**Source material:**
______________________________
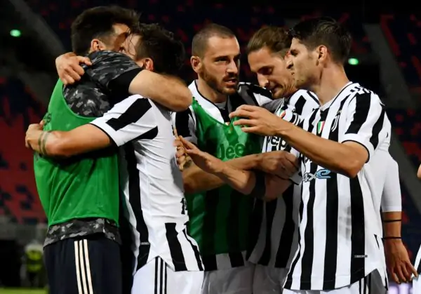 (From L) Juventus' Italian goalkeeper Gianluigi Buffon, Juventus' Argentine forward Paulo Dybala, Juventus' Italian defender Leonardo Bonucci, Juventus' French midfielder Adrien Rabiot and Juventus' Spanish forward Alvaro Morata celebrate after Morata scored the second goal during the Italian Serie A football match Bologna vs Juventus Turin on May 23, 2021 at the Renato-Dall'Ara stadium in Bologna. (Photo by Andreas SOLARO / AFP) (Photo by ANDREAS SOLARO/AFP via Getty Images)
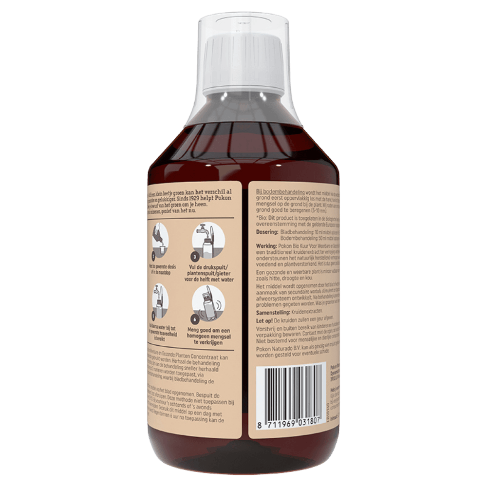 De kruidenextracten in deze plantkuur ondersteunen het natuurlijk herstellend vermogen, werken verzorgend, voedend en plantversterkend. Een gezonde en weerbare plant is minder vatbaar voor invloeden van buitenaf, zoals hitte, droogte en kou. Pokon Bio Kuur Voor Weerbare en Gezonde Planten Concentraat kan op 2 manieren toegepast worden: via het blad of via de bodem. Het middel stimuleert de aanmaak van nieuwe wortels waardoor de plant een sterker afweersysteem ontwikkelt. Het product heeft een bewezen werking in de professionele land- en tuinbouw en is pesticidenvrij.
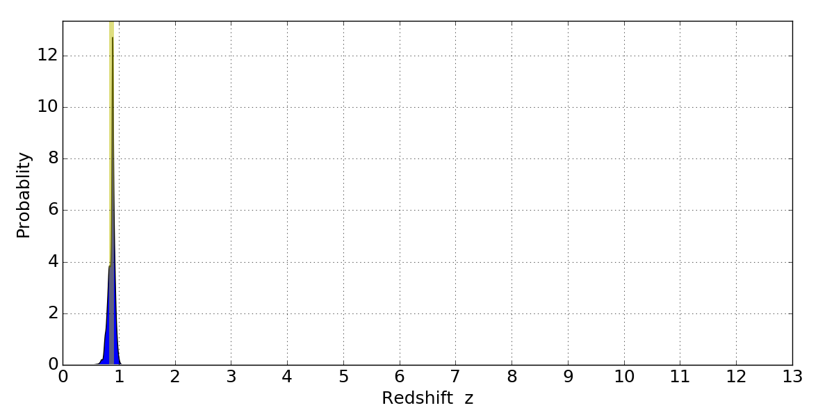 In P(z) plots: Yellow lines mark the cluster redshift z = 0.870,
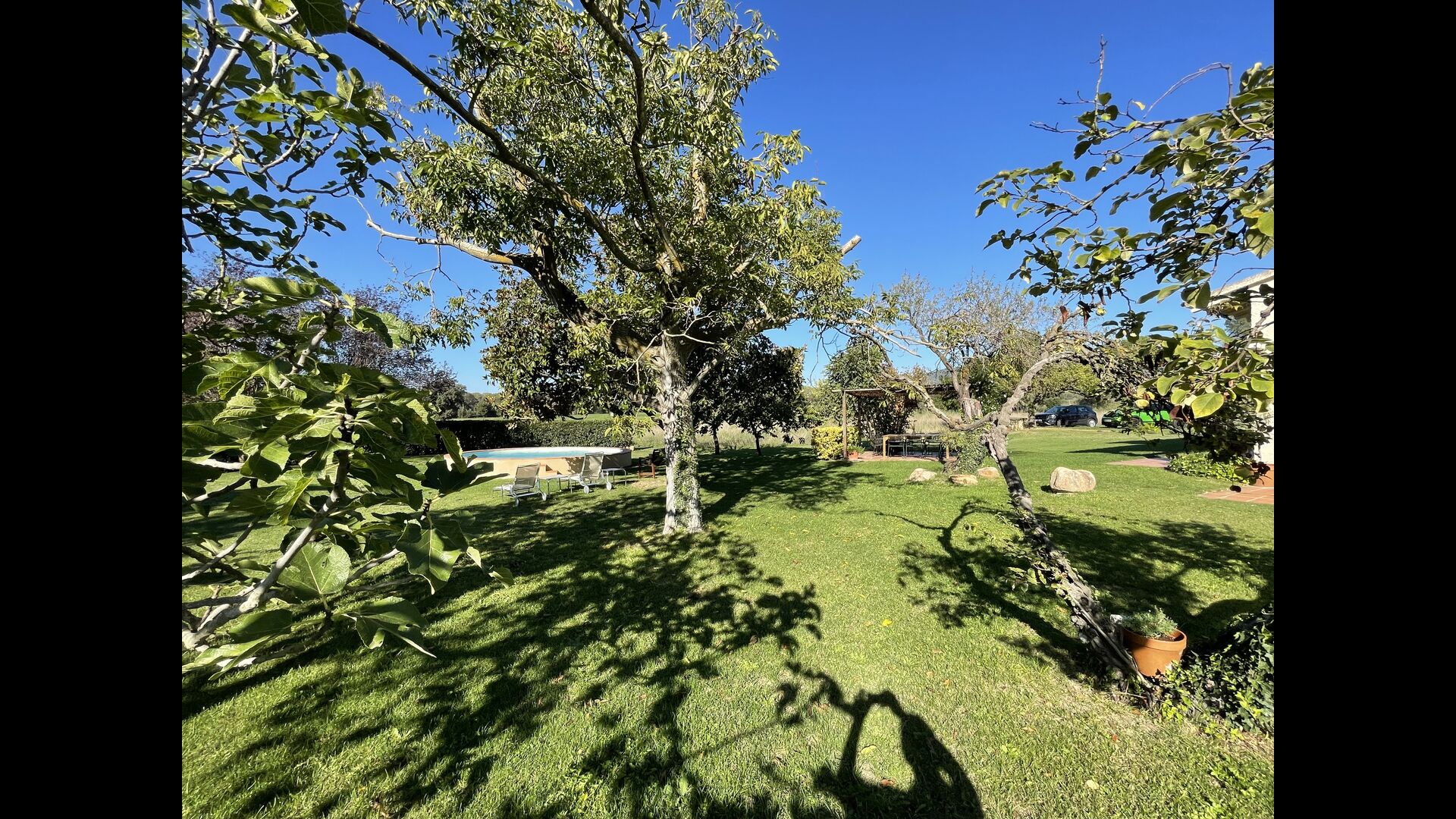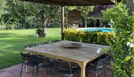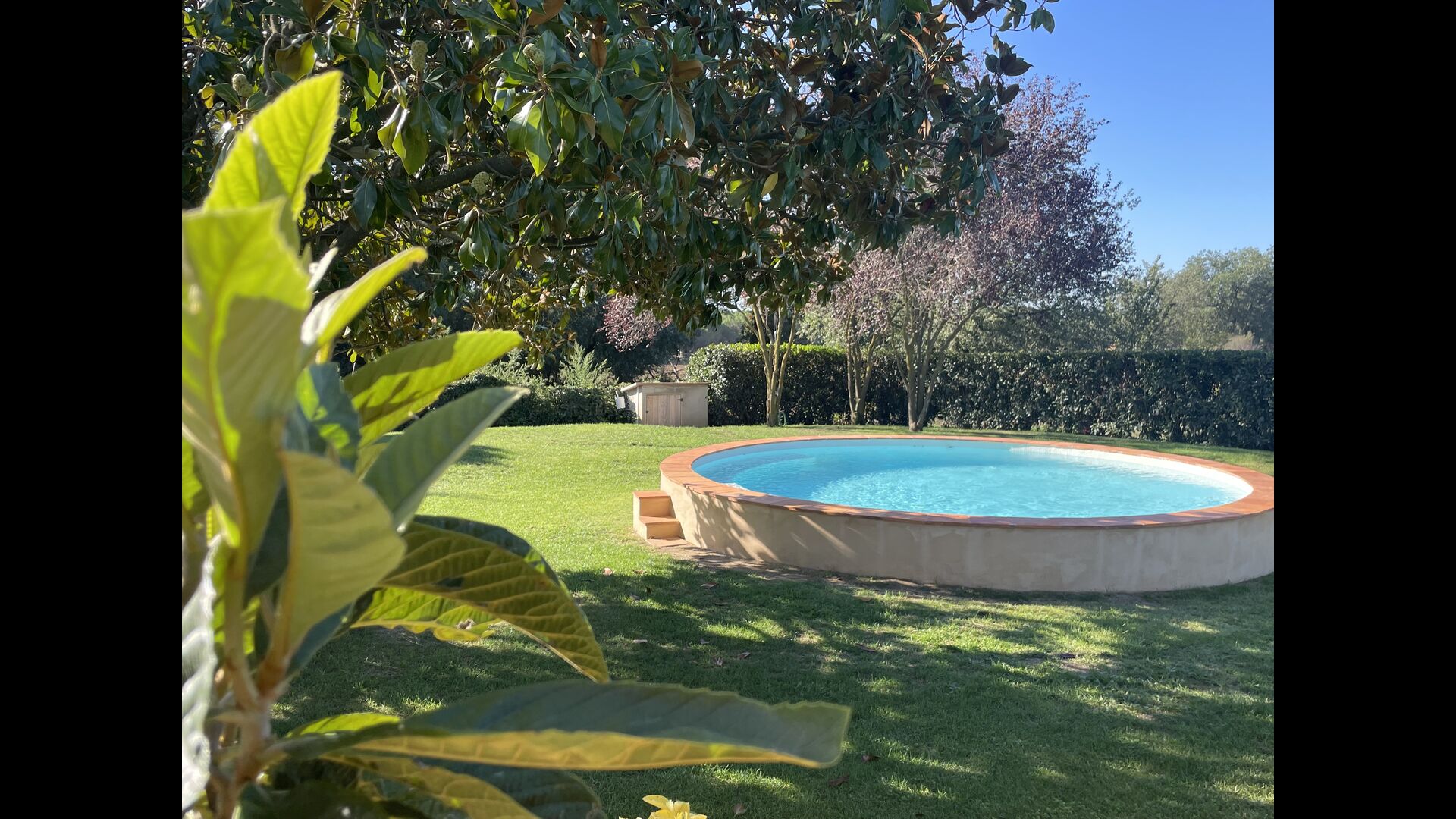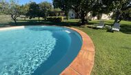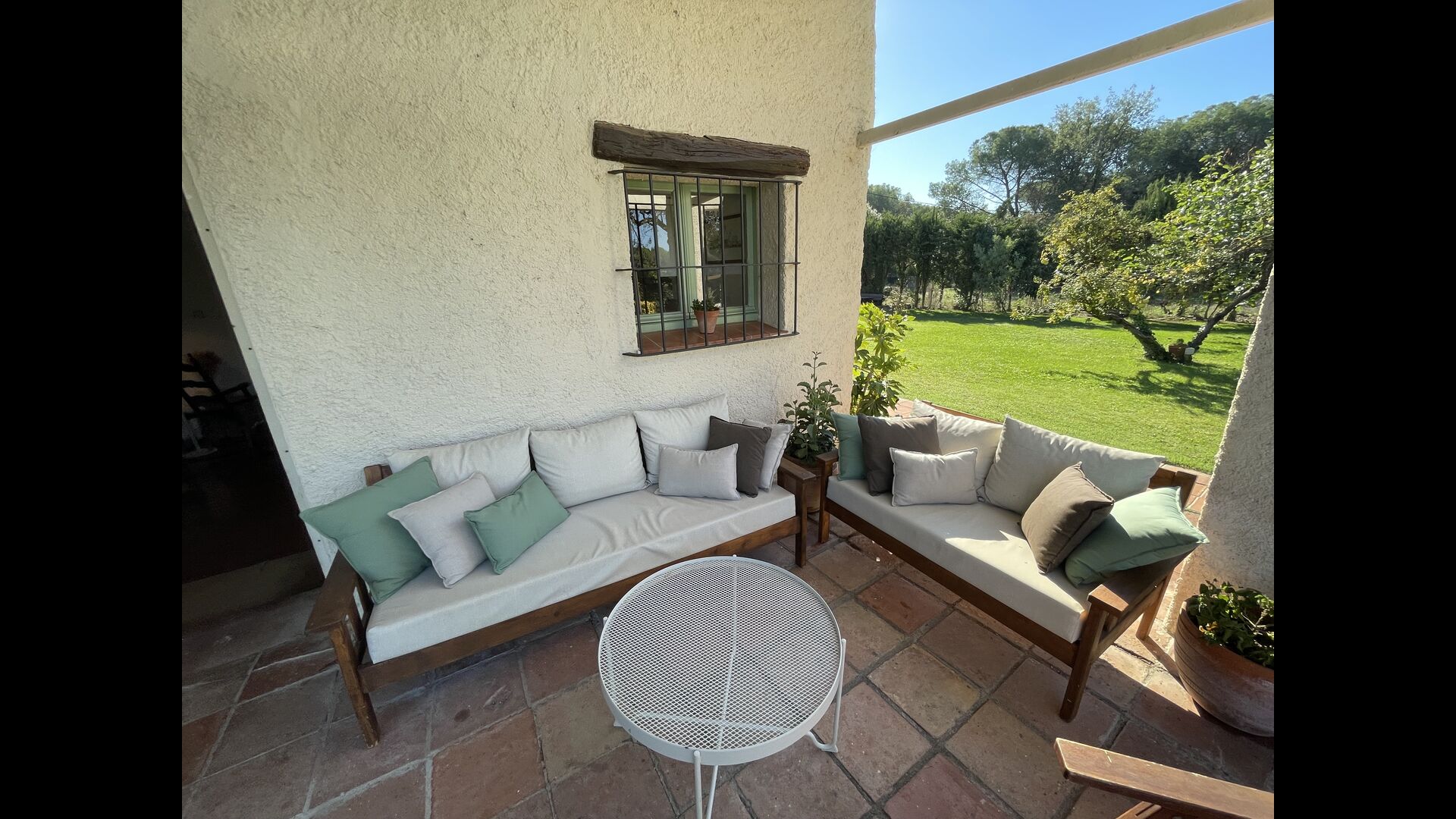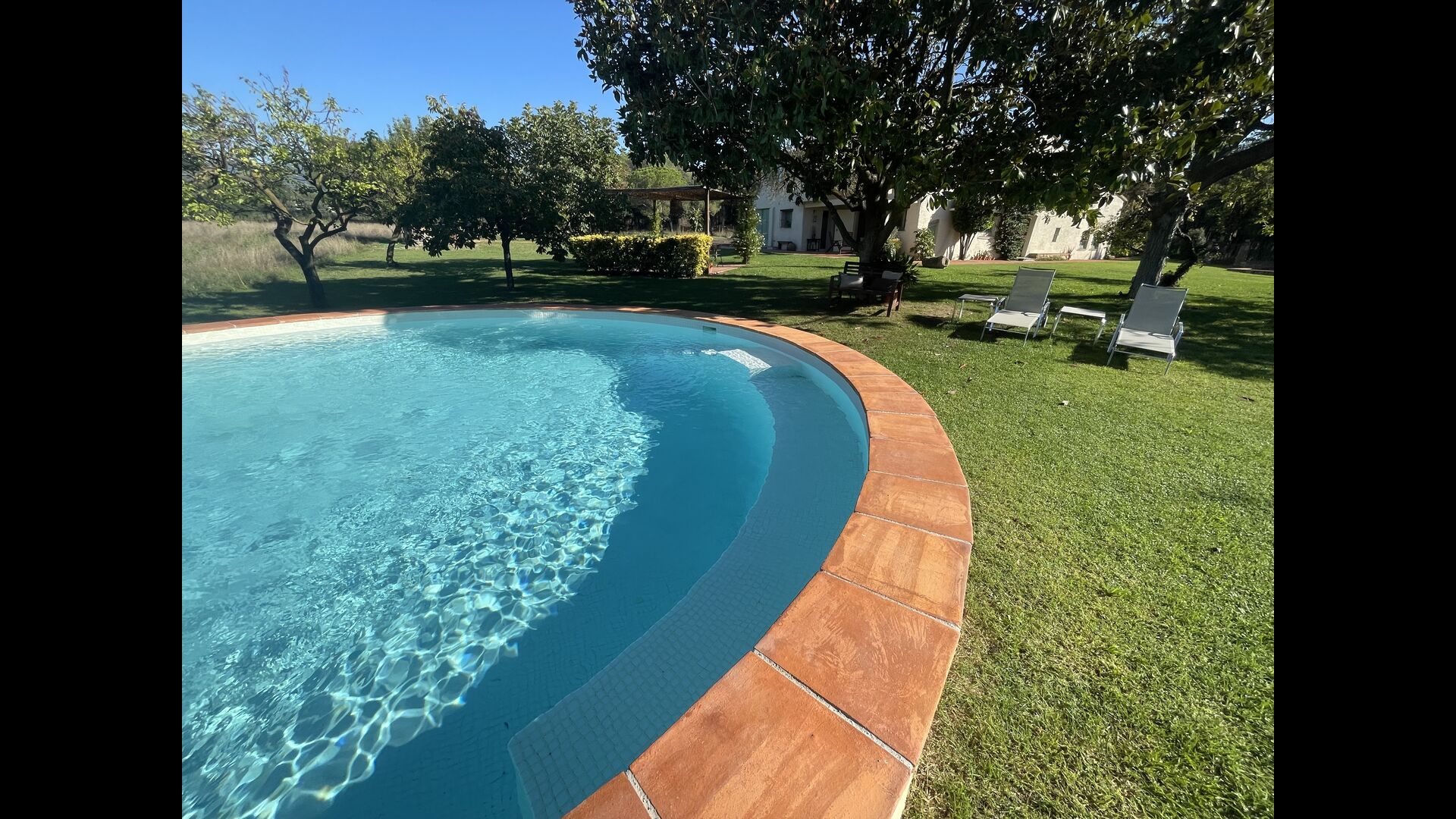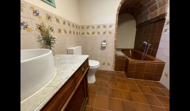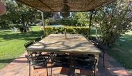 La 'masía' cuidadosamente renovada, que con sus colores pastel evoca recuerdos del sur de Francia, está rodeada por un gran jardín</ > con una hermosa terraza con sombra con una mesa grande; Además, justo enfrente de la puerta de entrada de la casa se encuentra la terraza más acogedora por la mañana con rincones para sofás. El jardín tiene muchos árboles frutales, que proporcionan muchos lugares con sombra, y una hermosa piscina redonda con escalones y un banco, que incluye; puedes sentarte en el agua y disfrutar de la vista.
______________________________
**Work to complete:**
The whole listing above is to be printed exactly; the pictures stay out.

**Exercise response:**
 (From L) Juventus' Italian goalkeeper Gianluigi Buffon, Juventus' Argentine forward Paulo Dybala, Juventus' Italian defender Leonardo Bonucci, Juventus' French midfielder Adrien Rabiot and Juventus' Spanish forward Alvaro Morata celebrate after Morata scored the second goal during the Italian Serie A football match Bologna vs Juventus Turin on May 23, 2021 at the Renato-Dall'Ara stadium in Bologna. (Photo by Andreas SOLARO / AFP) (Photo by ANDREAS SOLARO/AFP via Getty Images)
 De kruidenextracten in deze plantkuur ondersteunen het natuurlijk herstellend vermogen, werken verzorgend, voedend en plantversterkend. Een gezonde en weerbare plant is minder vatbaar voor invloeden van buitenaf, zoals hitte, droogte en kou. Pokon Bio Kuur Voor Weerbare en Gezonde Planten Concentraat kan op 2 manieren toegepast worden: via het blad of via de bodem. Het middel stimuleert de aanmaak van nieuwe wortels waardoor de plant een sterker afweersysteem ontwikkelt. Het product heeft een bewezen werking in de professionele land- en tuinbouw en is pesticidenvrij.
 In P(z) plots: Yellow lines mark the cluster redshift z = 0.870,
 La 'masía' cuidadosamente renovada, que con sus colores pastel evoca recuerdos del sur de Francia, está rodeada por un gran jardín</ > con una hermosa terraza con sombra con una mesa grande; Además, justo enfrente de la puerta de entrada de la casa se encuentra la terraza más acogedora por la mañana con rincones para sofás. El jardín tiene muchos árboles frutales, que proporcionan muchos lugares con sombra, y una hermosa piscina redonda con escalones y un banco, que incluye; puedes sentarte en el agua y disfrutar de la vista.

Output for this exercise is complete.